Although most people probably just marvel at each ornament’s beauty, there’s actually an underlying point to every one. With subsequent ornaments, the WHHA began a theme of commemorating each presidential administration in chronological order, with “occasional pauses in the chronological march to recognize White House anniversaries,” Anderson says. For example, the 1989 ornament commemorates the bicentennial of the presidency.

Indeed, the WHHA decided early on that every ornament must be directly related to the White House and should also serve an educational purpose. Every ornament comes with a booklet which explains how the ornament design relates to either a specific presidency or event.

With every passing ornament, sales increased, Anderson says, leading to the hiring of temporary employees to get the orders out. “Longtime employees and customers still remember the long lines that wrapped around the block and stretched down H Street despite rain and snow. When inventory temporarily ran out, as it often did in the weeks before Christmas, determined customers often chose to wait in line for hours until the next delivery truck arrived,” she recalls.

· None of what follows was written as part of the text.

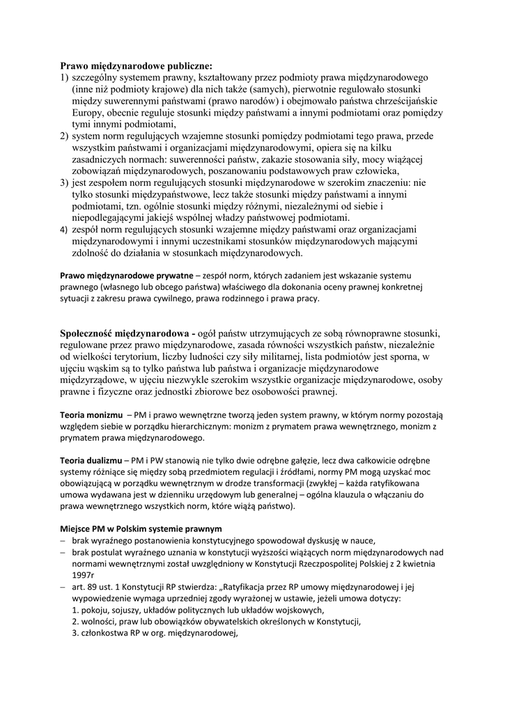 Prawo międzynarodowe publiczne: 1) szczególny systemem prawny, kształtowany przez podmioty prawa międzynarodowego (inne niż podmioty krajowe) dla nich także (samych), pierwotnie regulowało stosunki między suwerennymi państwami (prawo narodów) i obejmowało państwa chrześcijańskie Europy, obecnie reguluje stosunki między państwami a innymi podmiotami oraz pomiędzy tymi innymi podmiotami, 2) system norm regulujących wzajemne stosunki pomiędzy podmiotami tego prawa, przede wszystkim państwami i organizacjami międzynarodowymi, opiera się na kilku zasadniczych normach: suwerenności państw, zakazie stosowania siły, mocy wiążącej zobowiązań międzynarodowych, poszanowaniu podstawowych praw człowieka, 3) jest zespołem norm regulujących stosunki międzynarodowe w szerokim znaczeniu: nie tylko stosunki międzypaństwowe, lecz także stosunki między państwami a innymi podmiotami, tzn. ogólnie stosunki między różnymi, niezależnymi od siebie i niepodlegającymi jakiejś wspólnej władzy państwowej podmiotami. 4) zespół norm regulujących stosunki wzajemne między państwami oraz organizacjami międzynarodowymi i innymi uczestnikami stosunków międzynarodowych mającymi zdolność do działania w stosunkach międzynarodowych. Prawo międzynarodowe prywatne – zespół norm, których zadaniem jest wskazanie systemu prawnego (własnego lub obcego państwa) właściwego dla dokonania oceny prawnej konkretnej sytuacji z zakresu prawa cywilnego, prawa rodzinnego i prawa pracy. Społeczność międzynarodowa - ogół państw utrzymujących ze sobą równoprawne stosunki, regulowane przez prawo międzynarodowe, zasada równości wszystkich państw, niezależnie od wielkości terytorium, liczby ludności czy siły militarnej, lista podmiotów jest sporna, w ujęciu wąskim są to tylko państwa lub państwa i organizacje międzynarodowe międzyrządowe, w ujęciu niezwykle szerokim wszystkie organizacje międzynarodowe, osoby prawne i fizyczne oraz jednostki zbiorowe bez osobowości prawnej. Teoria monizmu – PM i prawo wewnętrzne tworzą jeden system prawny, w którym normy pozostają względem siebie w porządku hierarchicznym: monizm z prymatem prawa wewnętrznego, monizm z prymatem prawa międzynarodowego. Teoria dualizmu – PM i PW stanowią nie tylko dwie odrębne gałęzie, lecz dwa całkowicie odrębne systemy różniące się między sobą przedmiotem regulacji i źródłami, normy PM mogą uzyskać moc obowiązującą w porządku wewnętrznym w drodze transformacji (zwykłej – każda ratyfikowana umowa wydawana jest w dzienniku urzędowym lub generalnej – ogólna klauzula o włączaniu do prawa wewnętrznego wszystkich norm, które wiążą państwo). Miejsce PM w Polskim systemie prawnym brak wyraźnego postanowienia konstytucyjnego spowodował dyskusję w nauce, brak postulat wyraźnego uznania w konstytucji wyższości wiążących norm międzynarodowych nad normami wewnętrznymi został uwzględniony w Konstytucji Rzeczpospolitej Polskiej z 2 kwietnia 1997r art. 89 ust. 1 Konstytucji RP stwierdza: „Ratyfikacja przez RP umowy międzynarodowej i jej wypowiedzenie wymaga uprzedniej zgody wyrażonej w ustawie, jeżeli umowa dotyczy: 1. pokoju, sojuszy, układów politycznych lub układów wojskowych, 2. wolności, praw lub obowiązków obywatelskich określonych w Konstytucji, 3. członkostwa RP w org. międzynarodowej, 4. znacznego obciążenia państwa pod względem finansowym, 5. spraw uregulowanych w ustawie lub w których Konstytucja wymaga ustawy. art. 9 Konstytucji „Rzeczpospolita Polska przestrzega wiążącego ją prawa międzynarodowego” art. 90 Konstytucji: 1. Rzeczpospolita Polska może na podstawie umowy międzynarodowej przekazać organizacji międzynarodowej lub organowi międzynarodowemu kompetencje organów władzy państwowej w niektórych sprawach. 2. Ustawa, wyrażająca zgodę na ratyfikację umowy międzynarodowej, o której mowa w ust. 1, jest uchwalana przez Sejm większością 2/3 głosów w obecności co najmniej połowy ustawowej liczby posłów oraz przez Senat większością 2/3 głosów w obecności co najmniej połowy ustawowej liczby senatorów. 3. Wyrażenie zgody na ratyfikację takiej umowy może być uchwalone w referendum ogólnokrajowym zgodnie z przepisem art. 125. 4. Uchwałę w sprawie wyboru trybu wyrażenia zgody na ratyfikację podejmuje Sejm bezwzględną większością głosów w obecności co najmniej połowy ustawowej liczby posłów. art. 91 Konstytucji 1. Ratyfikowana umowa międzynarodowa, po jej ogłoszeniu w Dzienniku Ustaw Rzeczypospolitej Polskiej, stanowi część krajowego porządku prawnego i jest bezpośrednio stosowana, chyba że jej stosowanie jest uzależnione od wydania ustawy. 2. Umowa międzynarodowa ratyfikowana za uprzednią zgodą wyrażoną w ustawie ma pierwszeństwo przed ustawą, jeżeli ustawy tej nie da się pogodzić z umową. 3. Jeżeli wynika to z ratyfikowanej przez Rzeczpospolitą Polską umowy konstytuującej organizację międzynarodową, prawo przez nią stanowione jest stosowane bezpośrednio, mając pierwszeństwo w przypadku kolizji z ustawami. Źródła prawa międzynarodowego –obejmują źródła materialne, formalne i poznawcze. Źródła materialne - wszystkie przyczyny wpływające na kształtowanie się prawa międzynarodowego oraz nadające mu moc obowiązującą (prawo naturalne - nakazy rozumu, pozytywiści - wola państw) Źródła formalne - są wyrazem procesu, który doprowadził do powstania normy prawnej: - umowa międzynarodowa - źródło samodzielne, a jej moc prawna wiąże się z zasadą pacta sunt servanda - zwyczaj międzynarodowy - zgodna praktyka państw tworząca prawo - ogólne zasady prawa, orzecznictwo sądów międzynarodowych, doktryny prawne oraz uchwały organów organizacji międzynarodowych, Ustawodawstwo państw, Akty jednostronne, Notyfikacja, Uznanie, Protest, Zrzeczenie się, Ogólne zasady prawa międzynarodowego źró

Fortunately, long lines are no longer necessary, as times have changed quite a lot since the first ornaments went on sale. Now, people have the internet to turn to and often don’t have to leave their homes to make the purchase. In fact, many retail establishments stock the ornaments for sale, as do federal offices like the U.S. Postal Service.

Ornament sales serve to fund the WHHA, a nonprofit organization that works to “enhance the understanding, appreciation and enjoyment of the historic White House,” says Anderson. “Since the mid-1980s income from ornament sales has played a significant role in funding the Association’s mission.” She adds that around 1 million ornaments are sold each year. They retail currently for $24.95 each.